Thanks for any info you may have!!
July 26, 2009 at 6:18 pm #2857DrMariano2Participant@Rose 982 wrote:
I’ve been having some difficulty obtaining a definitive answer from my doctor. I realize that DHT is a metabolite of testosterone but I’m curious about whether DHT is formed from unbound testosterone or can it result from ANY testosterone in the body.
I guess it basically boils down to, if your free testosterone is undetectable but your total testosterone was within range, would you still be producing DHT?
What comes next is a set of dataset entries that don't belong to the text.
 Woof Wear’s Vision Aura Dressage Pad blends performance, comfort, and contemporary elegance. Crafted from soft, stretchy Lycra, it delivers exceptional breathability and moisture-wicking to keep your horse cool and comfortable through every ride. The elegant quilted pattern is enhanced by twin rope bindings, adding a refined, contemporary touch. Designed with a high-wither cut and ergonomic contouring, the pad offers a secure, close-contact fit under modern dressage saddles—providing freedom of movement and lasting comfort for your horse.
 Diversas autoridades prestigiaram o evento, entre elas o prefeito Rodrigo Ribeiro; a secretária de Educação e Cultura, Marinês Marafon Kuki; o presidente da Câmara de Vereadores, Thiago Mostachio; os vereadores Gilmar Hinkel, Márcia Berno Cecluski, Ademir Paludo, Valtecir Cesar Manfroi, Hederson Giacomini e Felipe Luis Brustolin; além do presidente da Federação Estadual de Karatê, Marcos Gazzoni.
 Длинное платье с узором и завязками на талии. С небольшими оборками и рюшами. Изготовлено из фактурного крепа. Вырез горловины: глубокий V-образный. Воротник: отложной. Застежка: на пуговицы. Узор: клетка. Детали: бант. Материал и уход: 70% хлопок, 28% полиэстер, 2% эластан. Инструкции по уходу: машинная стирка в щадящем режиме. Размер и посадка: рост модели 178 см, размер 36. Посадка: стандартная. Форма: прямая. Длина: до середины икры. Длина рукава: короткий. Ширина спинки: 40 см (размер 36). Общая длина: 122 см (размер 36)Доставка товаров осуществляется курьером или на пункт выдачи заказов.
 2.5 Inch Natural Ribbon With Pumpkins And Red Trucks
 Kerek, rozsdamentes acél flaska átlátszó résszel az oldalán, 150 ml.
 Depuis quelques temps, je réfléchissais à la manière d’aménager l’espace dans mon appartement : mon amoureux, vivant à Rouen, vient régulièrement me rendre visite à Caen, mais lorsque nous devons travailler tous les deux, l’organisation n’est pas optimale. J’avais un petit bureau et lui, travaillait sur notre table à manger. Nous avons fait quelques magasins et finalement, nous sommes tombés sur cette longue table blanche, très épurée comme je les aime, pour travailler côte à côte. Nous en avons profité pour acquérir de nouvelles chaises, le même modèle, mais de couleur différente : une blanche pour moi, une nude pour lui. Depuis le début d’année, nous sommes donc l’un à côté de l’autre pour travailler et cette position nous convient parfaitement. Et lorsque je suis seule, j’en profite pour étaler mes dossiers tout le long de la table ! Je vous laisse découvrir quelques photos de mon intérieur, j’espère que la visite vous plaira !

Thanks for any info you may have!!
Testosterone in the blood stream occurs in three states:
Testosterone bound to albumin – which is the bulk of testosterone – is loosely bound. This means for much of the time, it is free. It goes back and forth between bound state and the unbound state.
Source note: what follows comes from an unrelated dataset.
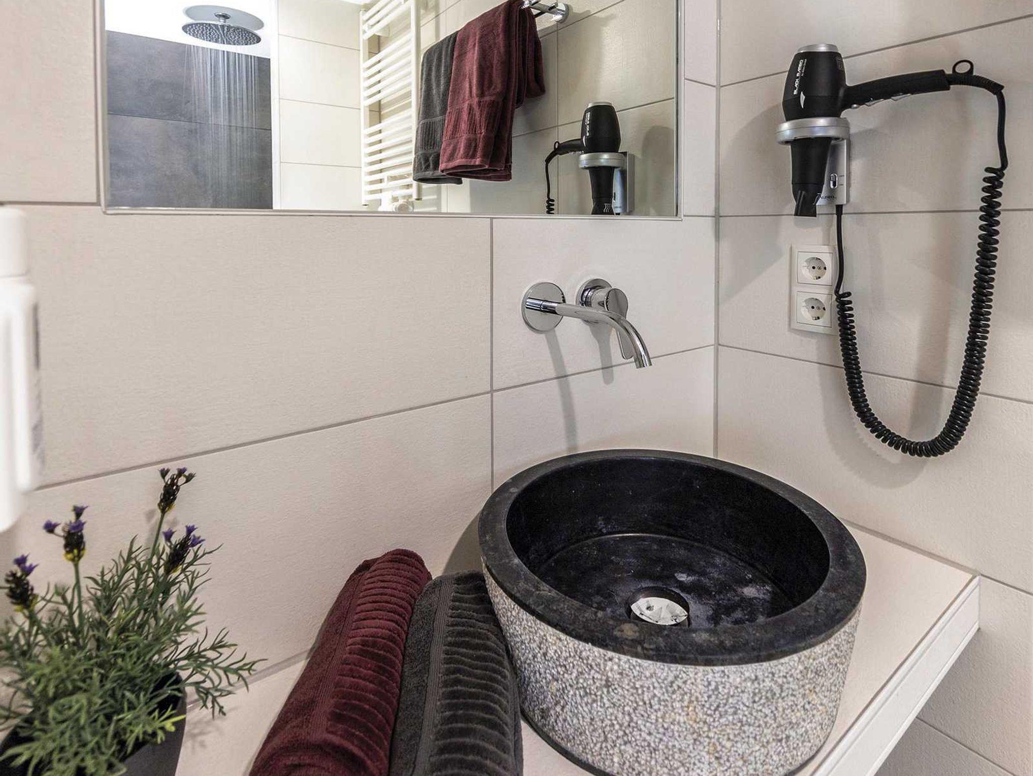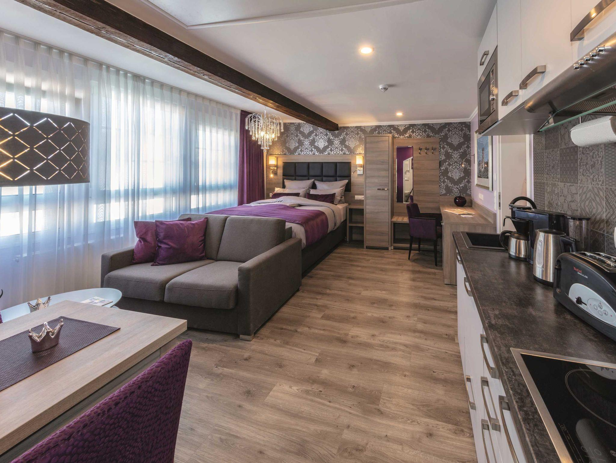 Im Haus Burgenheimat befinden sich 8 Apartments: 2 Princesize-Apartments (20 - 30 m²), 1 Queensize-Studioapartment (25 m²), 2 Queensize-Apartments (30 - 40 m²) und 3 Kingsize-Apartments (40 - 50 m²). Schlafen Sie wie ein König in den komfortablen überlangen Boxspringbetten (2,20 m) der Premium-Marke Royal Bedding®. Die Bettbreite beträgt in den Princesize-Apartments 1,00 m, in den Queensize-Apartments 1,60 m und in den Kingsize-Apartments 2,00 m. Alle Betten haben eine durchgängige extrahohe Matratze für besonderen Schlafkomfort. Im ?Thronsaal?, dem modernen Badezimmer, erwartet Sie ein WC mit integrierter Lüftung, ein stilvolles Waschbecken und eine bodengleiche Dusche mit Regenbrause und Handbrause. Die Küche ist mit allem, was man braucht, ausgestattet. Bereiten Sie sich z.B. ein leckeres Frühstück mit dem Tefal Toast'n'Egg und brühen sich Ihren Kaffee mit der Senseo Switch entweder mit Filter oder mit Kaffeepad. Auf dem 4-Platten-Cerankochfeld lassen sich auch komplette Menüs zubereiten. Eine Mikrowelle mit Grillfunktion sorgt für Essen in Minutenschnelle. Und damit der Abwasch nicht lästig wird, steht eine kompakte Geschirrspülmaschine bereit. Durchdachte Annehmlichkeiten erwarten Sie in jedem Raum der Apartments: ein digitaler Türspion, USB-Anschlüsse an den Leuchten am Bett sowie am Schreibtisch, eine integrierte Toilettenlüftung, eine bodengleiche Dusche mit Regenbrause, ein Laptop-Safe, überlange Betten, extrahohe Matratzen, große UHD-Smart-TVs, vollausgestattete Küche inkl. kompaktem Geschirrspüler. Neben der Selbstverpflegung besteht die Möglichkeit am Frühstücksbuffet des Hotels teilzunehmen. Als Gast erhalten Sie außerdem für die Dauer Ihres Aufenthalts ein kostenfreies Gästeticket für die Nutzung des ÖPNV im Gebiet des VRM.

Testosterone bound to sex hormone binding globulin is more tightly bound than to albumin. But then again, it is not permanently bound. Some of the time, it is in the free state and other times it is bound.
Free Testosterone, of course is what is transiently free. Interestingly, what testosterone is free is not the same testosterone all the time. It is like musical chairs – what is free is what cycles between albumin and SHBG. Free Testosterone is going to vary up and down depending statistically on what is bound for the moment to binding proteins.
It is possible to create DHT from any of the three states of testosterone. Less may be formed if free testosterone is less. But not necessarily. From my point of view, for examle, testosterone that is bound to albumin may just as well be free since much of time time, it is unbound. This is why free testosterone and albumin-bound testosterone together are considered bioavailable testosterone.